Q1 ratepayer pain: electricity export costs skyrocket

Ontario's electricity customers pay and pay and pay while neighbours get our power cheap
Ontario’s electricity customers pay and pay and pay while neighbours get our power cheap

Wind almost 40% of exported power; cost of surplus export $437 million in just 3 months
The first quarter of the current year indicates Ontario is exporting record quantities of surplus electricity.
It appears to be part of the Liberal government plan as this excerpt from Finance Minister Sousa’s budget “Building Ontario Up” claims:  “Through our four-part economic plan, we are supporting greater investment in productivity and innovation, providing a renewed focus on international exports, encouraging the transition to a low-carbon economy and creating more jobs for Ontarians.”
It would be better if our surplus electricity was exported profitably, instead of a cost to ratepayers, but alas, that is not the way the Liberal Energy Ministers past and present have structured the portfolio.
The first quarter of the current year saw Ontario export a record 6.65 TWh (terawatts) — that’s enough to power 690,000 average households for a full year.

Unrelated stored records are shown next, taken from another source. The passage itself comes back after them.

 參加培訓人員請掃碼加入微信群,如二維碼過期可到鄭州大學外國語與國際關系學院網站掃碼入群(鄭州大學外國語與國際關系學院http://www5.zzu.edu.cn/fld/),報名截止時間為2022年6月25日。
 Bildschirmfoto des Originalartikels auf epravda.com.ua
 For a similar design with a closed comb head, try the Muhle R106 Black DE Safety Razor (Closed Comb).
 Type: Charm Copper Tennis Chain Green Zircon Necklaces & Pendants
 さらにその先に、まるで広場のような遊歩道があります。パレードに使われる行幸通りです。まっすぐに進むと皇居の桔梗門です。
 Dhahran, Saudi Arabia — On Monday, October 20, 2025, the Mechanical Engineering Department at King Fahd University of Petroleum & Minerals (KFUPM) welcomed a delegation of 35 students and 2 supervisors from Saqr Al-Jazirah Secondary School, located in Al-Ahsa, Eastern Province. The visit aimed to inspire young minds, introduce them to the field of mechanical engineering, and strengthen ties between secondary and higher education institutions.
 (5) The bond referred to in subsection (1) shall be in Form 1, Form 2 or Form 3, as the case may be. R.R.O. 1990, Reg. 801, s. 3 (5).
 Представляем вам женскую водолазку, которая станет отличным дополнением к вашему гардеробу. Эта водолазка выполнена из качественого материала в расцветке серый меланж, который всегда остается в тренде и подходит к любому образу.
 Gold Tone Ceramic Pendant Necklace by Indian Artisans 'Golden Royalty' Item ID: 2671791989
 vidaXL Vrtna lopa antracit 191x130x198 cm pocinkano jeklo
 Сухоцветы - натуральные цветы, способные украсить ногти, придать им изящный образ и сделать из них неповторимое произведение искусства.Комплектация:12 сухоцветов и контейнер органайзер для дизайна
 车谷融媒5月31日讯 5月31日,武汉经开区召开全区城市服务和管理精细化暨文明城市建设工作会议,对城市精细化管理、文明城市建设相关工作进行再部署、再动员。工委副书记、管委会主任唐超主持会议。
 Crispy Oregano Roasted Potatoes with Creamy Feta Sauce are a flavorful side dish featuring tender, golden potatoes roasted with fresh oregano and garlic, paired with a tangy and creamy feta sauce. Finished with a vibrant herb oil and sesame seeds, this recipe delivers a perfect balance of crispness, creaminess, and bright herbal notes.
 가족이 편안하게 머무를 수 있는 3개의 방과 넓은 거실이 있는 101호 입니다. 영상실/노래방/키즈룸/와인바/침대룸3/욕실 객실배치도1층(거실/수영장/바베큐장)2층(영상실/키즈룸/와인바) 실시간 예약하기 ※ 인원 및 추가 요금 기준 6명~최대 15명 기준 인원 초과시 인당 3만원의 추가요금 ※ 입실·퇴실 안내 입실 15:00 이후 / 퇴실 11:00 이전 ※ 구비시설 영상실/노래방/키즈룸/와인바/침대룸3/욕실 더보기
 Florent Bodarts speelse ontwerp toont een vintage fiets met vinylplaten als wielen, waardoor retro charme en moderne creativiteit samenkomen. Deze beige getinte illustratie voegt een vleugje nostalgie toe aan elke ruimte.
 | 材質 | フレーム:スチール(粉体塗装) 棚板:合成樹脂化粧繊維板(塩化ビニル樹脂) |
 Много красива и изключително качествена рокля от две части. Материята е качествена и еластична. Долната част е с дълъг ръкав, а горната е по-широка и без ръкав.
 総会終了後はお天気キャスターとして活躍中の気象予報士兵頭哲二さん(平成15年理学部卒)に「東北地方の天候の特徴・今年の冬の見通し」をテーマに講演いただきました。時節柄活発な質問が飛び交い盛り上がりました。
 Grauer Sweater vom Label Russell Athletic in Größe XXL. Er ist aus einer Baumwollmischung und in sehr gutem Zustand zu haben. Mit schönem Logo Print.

Export costs up 75% in first quarter

The 6.65 TWh sold to our neighbours was up 75% from 3.81 TWh in 2014’s first quarter. We sold that surplus at prices well below what we received.  Exports represented 17.5 % of Ontario’s demand in 2015 versus 10% in the same period in 2014. Wind (generated and curtailed) in 2014 was 2.05 TWh and 53.7% of Ontario’s exports; in 2015, wind grew to 2.61 TWh and was 39.2 % of our exports.
The concept of exporting is one that economists encourage; however, they expect it will be profitable, create jobs, and not burden the rest of the economy though subsidization.  Subsidizing exports is often referred to as “dumping” and frequently challenged under the WTO (World Trade Organization) rules.

Cost to ratepayers is shocking

Examining the cost to Ontario ratepayers for the 3.81 TWh exported in 2014 and the 6.65 TWh exported in 2015 using data from the Independent Electricity System Operator’s (IESO) “Market Summaries” is shocking.
The 2014 first Quarter exports cost (average of $102.6 million/TWh) ratepayers $391 million to produce and was sold via the HOEP (hourly Ontario electricity price) market at an average of $75.54 million/TWh. That cost Ontario’s ratepayers $103 million.  In 2015, the 6.65 TWh exported cost Ontario’s ratepayers $672 million (average cost of $101 million/TWh), and sold at an average of $35.4 million/TWh, costing Ontario ratepayers $437 million.
To put some context to the latter, the money lost exporting the 6.65 TWh  was equal to 6.6 cents per kilowatt hour.   The foregoing subsidy does not include other costs Ontario’s ratepayers pick up including: spilled hydro, steamed-off nuclear or payments to idling gas plants. The subsidies supporting exports is double what Energy Minister Bob Chiarelli suggests is needed to assist almost 600,000 “low-income” households to pay their hydro bills. Ontario’s ratepayers will start paying the latter January 1, 2015.
This analysis would not be complete without noting the cost of wind generation (two quarters) in 2014 was $252.7 million (average cost of $123.5 million per/TWh) and $322.5 million for 2015!
Perhaps our Finance Minister should “focus” on the harm to Ontario’s ratepayers instead of dumping our surplus electricity on our neighbours who are happy to take it and not raise the issue with the WTO.  If the first quarter of 2015 is indicative of the full year, ratepayers will pick up $1.8 billion in subsidies to supply our neighbours with cheap electricity, while Ontario’s citizens struggle.
©Parker Gallant,                                                                                                                                       April 28, 2015
The views expressed here are those of the author and do not necessarily represent Wind Concerns Ontario policy.

Chart courtesy Scott Luft of Cold Air Online
Chart courtesy Scott Luft of Cold Air Online

What's your reaction?


  • scepiticalofjustabouteverything
    Posted May 3, 2015 8:40 am 0Likes

    What I’d like to see tabulated is a bono fide list of industries who have packed up and moved south due to electrical rates. For example, the other day Toyota announced that they are moving the Corolla production out of Cambridge…. how big a role did electrical rates play into that decision? Unfortunately, companies often have some other reason that they state as to why they have moved but it stands to reason that electrical rates have to be a major reason. If the electorate understood that, it would make a big difference in their response to what the GEA has done to the province.